- **Given entries**
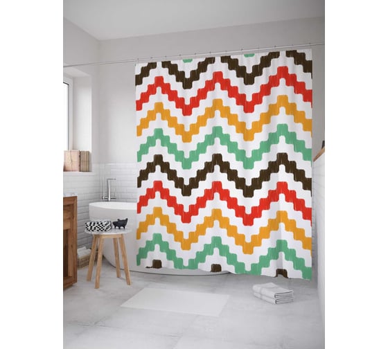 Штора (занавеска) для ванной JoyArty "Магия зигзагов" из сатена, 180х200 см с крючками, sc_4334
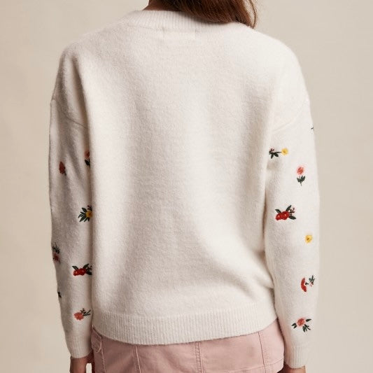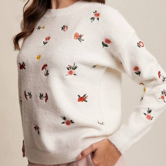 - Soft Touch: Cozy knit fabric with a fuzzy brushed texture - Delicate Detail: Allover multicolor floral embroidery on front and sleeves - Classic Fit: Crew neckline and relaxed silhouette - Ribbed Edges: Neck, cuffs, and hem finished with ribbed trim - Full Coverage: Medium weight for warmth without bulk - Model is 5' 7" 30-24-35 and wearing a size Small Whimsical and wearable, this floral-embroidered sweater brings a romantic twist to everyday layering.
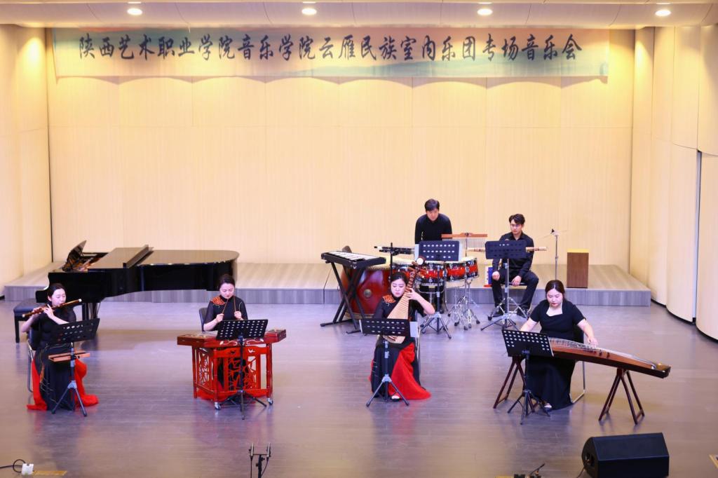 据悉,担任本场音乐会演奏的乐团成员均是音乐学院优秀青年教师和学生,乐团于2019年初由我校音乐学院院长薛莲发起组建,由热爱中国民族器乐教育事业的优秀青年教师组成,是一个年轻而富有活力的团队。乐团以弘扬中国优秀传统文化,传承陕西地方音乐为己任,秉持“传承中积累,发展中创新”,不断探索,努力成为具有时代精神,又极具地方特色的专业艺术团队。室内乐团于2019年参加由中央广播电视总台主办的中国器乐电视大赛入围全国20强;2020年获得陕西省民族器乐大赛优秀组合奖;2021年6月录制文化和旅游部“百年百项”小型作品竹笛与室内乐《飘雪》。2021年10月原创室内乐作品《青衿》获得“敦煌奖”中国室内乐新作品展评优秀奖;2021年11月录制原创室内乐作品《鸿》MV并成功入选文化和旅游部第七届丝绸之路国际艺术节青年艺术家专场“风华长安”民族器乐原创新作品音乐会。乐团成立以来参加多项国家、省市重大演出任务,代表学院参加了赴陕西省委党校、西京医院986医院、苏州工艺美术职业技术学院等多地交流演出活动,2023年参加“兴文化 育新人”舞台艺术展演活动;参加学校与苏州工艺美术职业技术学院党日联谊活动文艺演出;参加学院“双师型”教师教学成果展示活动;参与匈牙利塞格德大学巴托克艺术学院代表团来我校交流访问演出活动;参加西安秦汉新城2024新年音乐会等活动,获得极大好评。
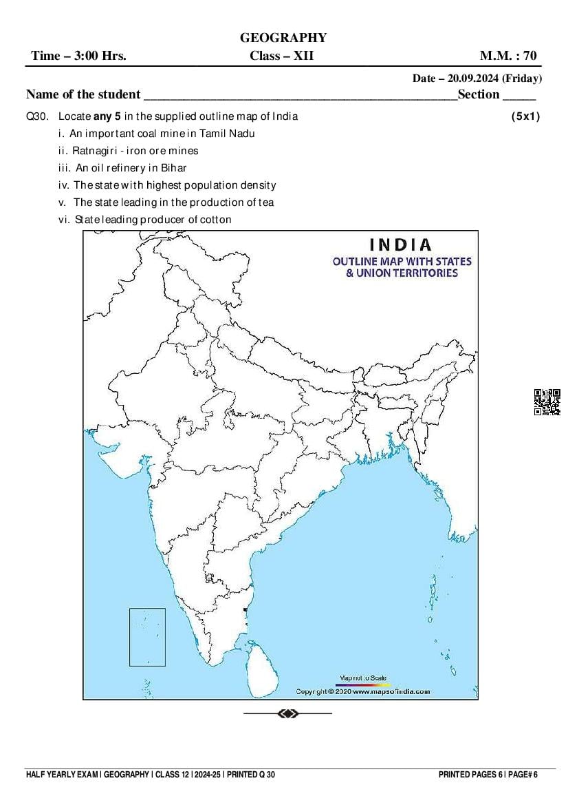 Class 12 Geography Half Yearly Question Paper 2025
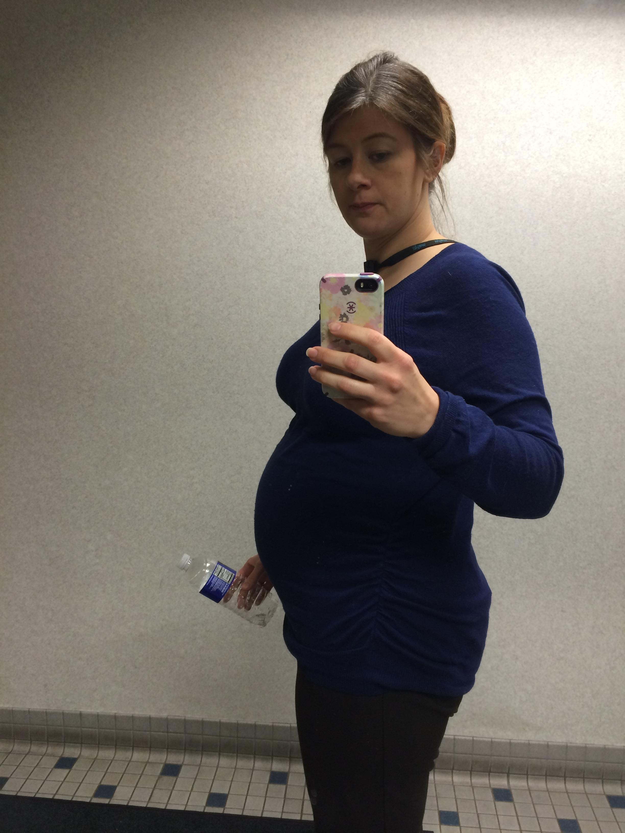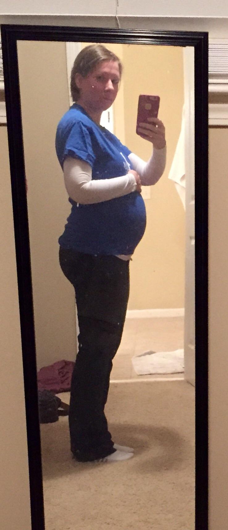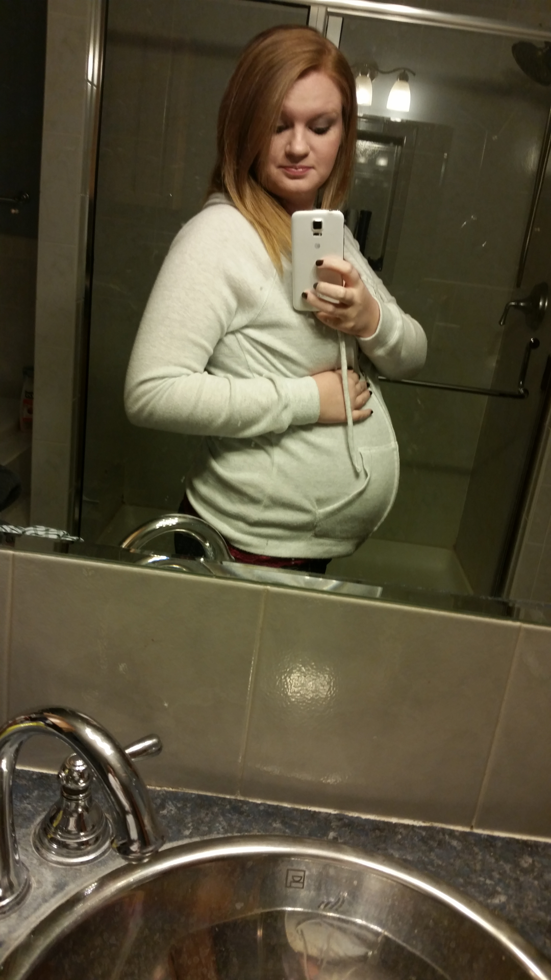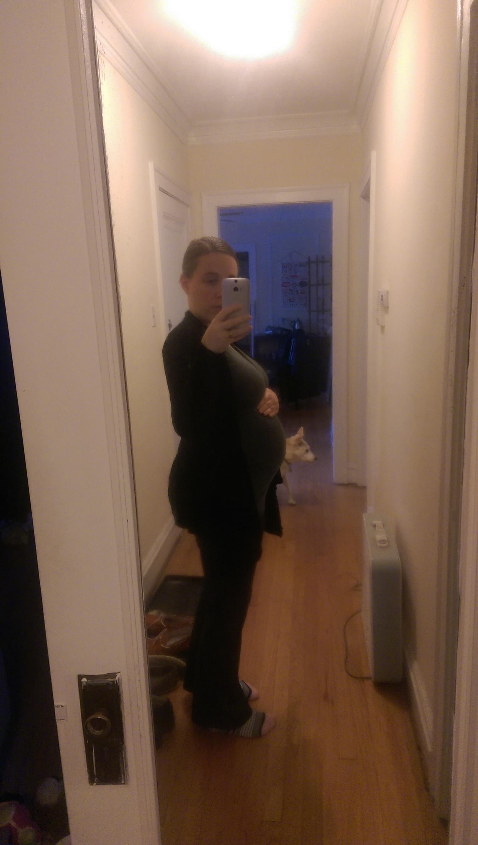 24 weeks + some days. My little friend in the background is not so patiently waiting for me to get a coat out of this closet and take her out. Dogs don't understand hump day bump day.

* * *

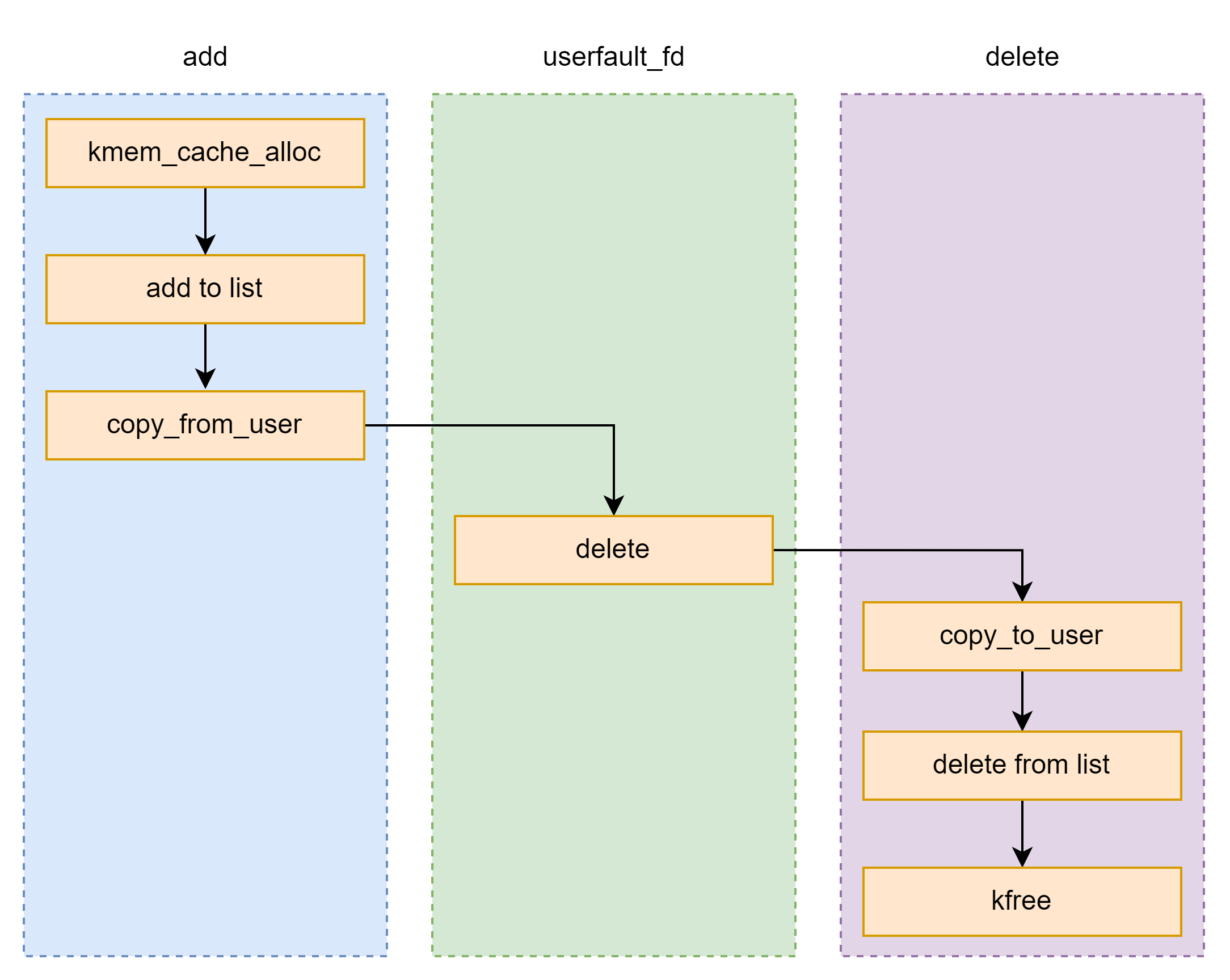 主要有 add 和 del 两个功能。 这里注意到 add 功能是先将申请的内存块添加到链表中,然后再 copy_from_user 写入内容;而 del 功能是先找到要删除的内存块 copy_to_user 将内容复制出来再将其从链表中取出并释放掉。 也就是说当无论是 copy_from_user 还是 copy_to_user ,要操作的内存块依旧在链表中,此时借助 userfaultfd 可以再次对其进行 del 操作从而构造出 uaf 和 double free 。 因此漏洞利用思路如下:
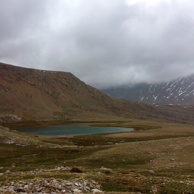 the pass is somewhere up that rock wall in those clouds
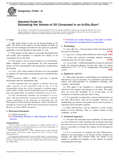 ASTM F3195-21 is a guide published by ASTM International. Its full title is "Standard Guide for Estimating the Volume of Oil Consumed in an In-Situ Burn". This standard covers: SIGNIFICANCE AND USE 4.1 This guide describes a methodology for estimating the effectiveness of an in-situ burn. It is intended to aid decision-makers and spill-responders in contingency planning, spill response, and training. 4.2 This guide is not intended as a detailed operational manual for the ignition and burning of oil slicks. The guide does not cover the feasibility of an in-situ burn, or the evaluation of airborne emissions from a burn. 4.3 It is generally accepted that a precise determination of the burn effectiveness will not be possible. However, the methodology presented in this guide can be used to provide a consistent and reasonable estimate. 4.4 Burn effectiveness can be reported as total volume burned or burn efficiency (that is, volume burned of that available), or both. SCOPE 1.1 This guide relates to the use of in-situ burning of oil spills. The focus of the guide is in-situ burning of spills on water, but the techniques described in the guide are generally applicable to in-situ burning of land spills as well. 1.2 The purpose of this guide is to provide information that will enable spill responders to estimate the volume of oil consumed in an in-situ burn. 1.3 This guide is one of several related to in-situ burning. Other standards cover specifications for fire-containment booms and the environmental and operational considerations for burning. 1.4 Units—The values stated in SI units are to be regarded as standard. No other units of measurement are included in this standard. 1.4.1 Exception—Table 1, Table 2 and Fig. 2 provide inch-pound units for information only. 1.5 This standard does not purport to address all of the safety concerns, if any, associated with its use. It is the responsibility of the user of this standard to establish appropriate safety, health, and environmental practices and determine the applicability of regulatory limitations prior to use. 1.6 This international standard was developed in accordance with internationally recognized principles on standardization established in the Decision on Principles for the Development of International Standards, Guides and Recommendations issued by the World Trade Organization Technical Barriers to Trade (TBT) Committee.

...

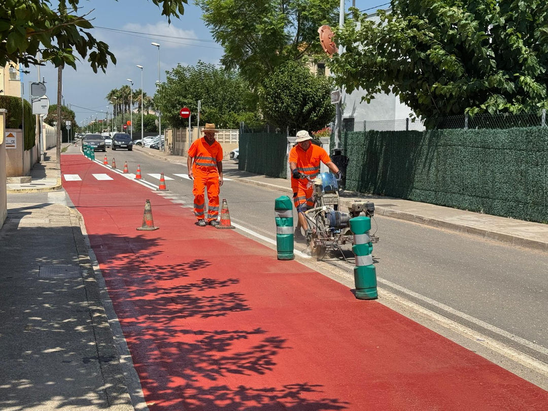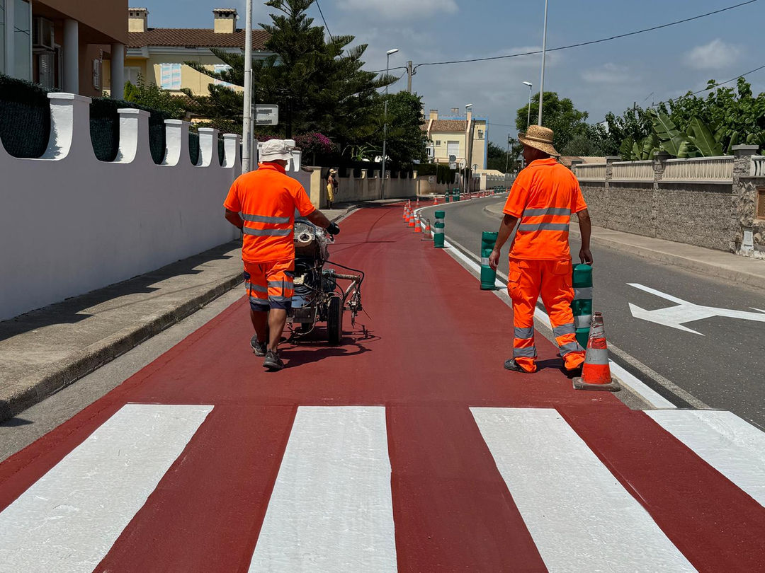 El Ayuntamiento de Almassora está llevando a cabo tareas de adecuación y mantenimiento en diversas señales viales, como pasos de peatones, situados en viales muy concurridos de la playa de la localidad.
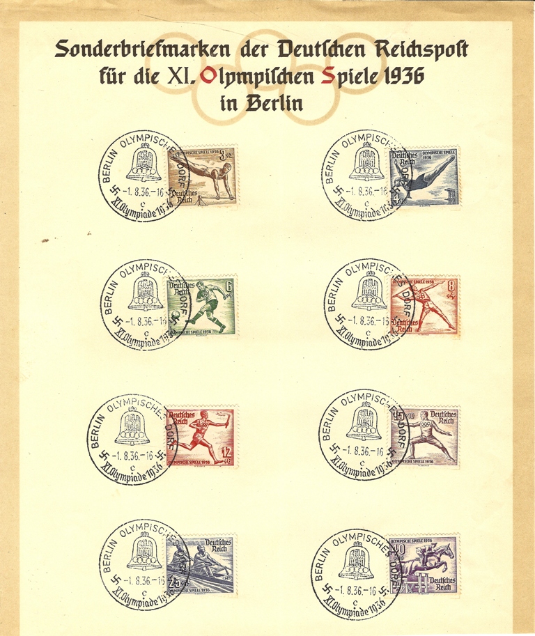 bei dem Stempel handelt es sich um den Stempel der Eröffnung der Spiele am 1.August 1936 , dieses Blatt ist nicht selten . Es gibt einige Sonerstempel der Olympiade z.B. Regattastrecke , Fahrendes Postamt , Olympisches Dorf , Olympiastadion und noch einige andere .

- **What is expected**
Nothing but the lines above, starting at the line that contains "Штора (занавеска) для" and ending at the line that contains "- Soft Touch: Cozy", should be given again, exactly and without the pictures.

- **Reply**
 Штора (занавеска) для ванной JoyArty "Магия зигзагов" из сатена, 180х200 см с крючками, sc_4334
 - Soft Touch: Cozy knit fabric with a fuzzy brushed texture - Delicate Detail: Allover multicolor floral embroidery on front and sleeves - Classic Fit: Crew neckline and relaxed silhouette - Ribbed Edges: Neck, cuffs, and hem finished with ribbed trim - Full Coverage: Medium weight for warmth without bulk - Model is 5' 7" 30-24-35 and wearing a size Small Whimsical and wearable, this floral-embroidered sweater brings a romantic twist to everyday layering.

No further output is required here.